Wednesday, November 12, 2008
Dining Out Mexican Style
There is an old Mexican addage: "Como Mexico no hay dos", meaning like Mexico, there is no other and I agree 100%. When you visit, get ready for a trip (journey) but also a mind trip. We arrived in Oaxaca, Mexico after an grueling bus trip, tired and hungry. As we entered the hotel I noticed a taco stand outside and once we were given our room, my wife opted for a nap while I went outside to get me some tacos. Mexicans have never heard of waiting your turn or of standing in line, so getting served was a matter of survival of the fittest.
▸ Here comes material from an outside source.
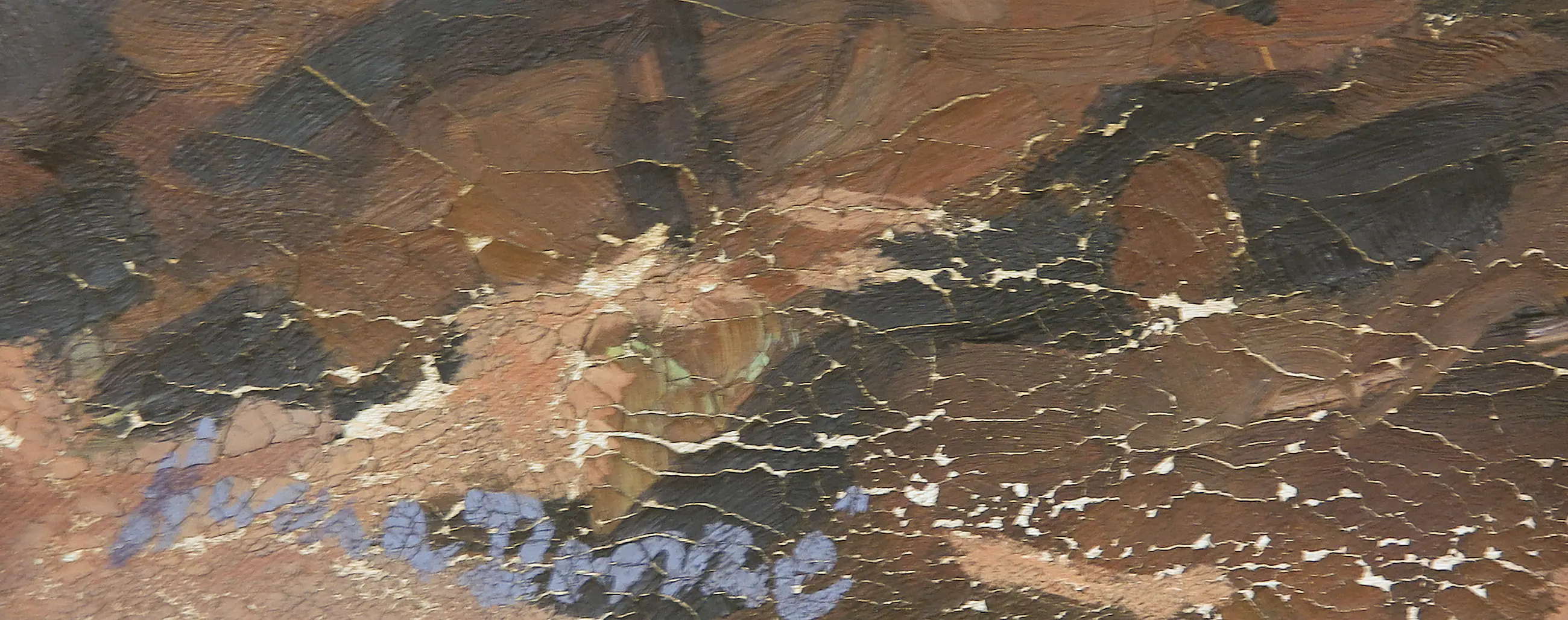 Het werk heeft over de gehele voorstelling craquelé, met name aan de onderzijde van de compositie. Op deze plek is daardoor ook wat verfverlies te zien. Het werk dient gerestaureerd te worden. (Zie detailfoto's)

There was the usual jousting, pushing and elbowing and the hand gestures, or whistling to catch the eye of one of the servers, who were racing around filling orders. It must have been arounnd lunchtime since there was a large crowd. After about 12 minutes I was no closer to getting my order in. In an act of desperation I cliked my fingers and finally made eye contact with one of the girls. I shouted in my order and she nodded. After another 10 minutes I caught her eye again and she assured me my tacos were on their way. When my order was finally done, she raced by and slid my plate of tacos accross the counter and disappeared into the chaos. However, there was no salsa anywhere nearby and everybody knows you can't eat tacos without salsa! Again, I tried to make contact with one of the servers so one of them would bring me some salsa. After another 5 minutes, I made contact with the young lady who had served me and shouted out "Salsa! Aqui!" Pointing to my plate of tacos. She looked at me contemptously, grabbed a molcajete filled with salsa and deftly slid it towards me, spilling some of the contents all over the counter. By this time my blood began to steam. To make matters worse, one of the legs of the molcajete was shorter than the other two and the salsa continued to spill. Once again I glared at the girl's back hoping she could feel my growing rage and when our eyes met, I shouted "Look, one of the legs on the molcajete is too short and the salsa is spilling all over the place!" She paused, scowled at me and in an almost acrobatic movement, grabbed a tomato and stuck it under the short leg! I was dumfounded. I ate my tacos quietly, my ego totally burst, and accepted my defeat "como un hombre" (like a man). It is true: Como Mexico no hay dos!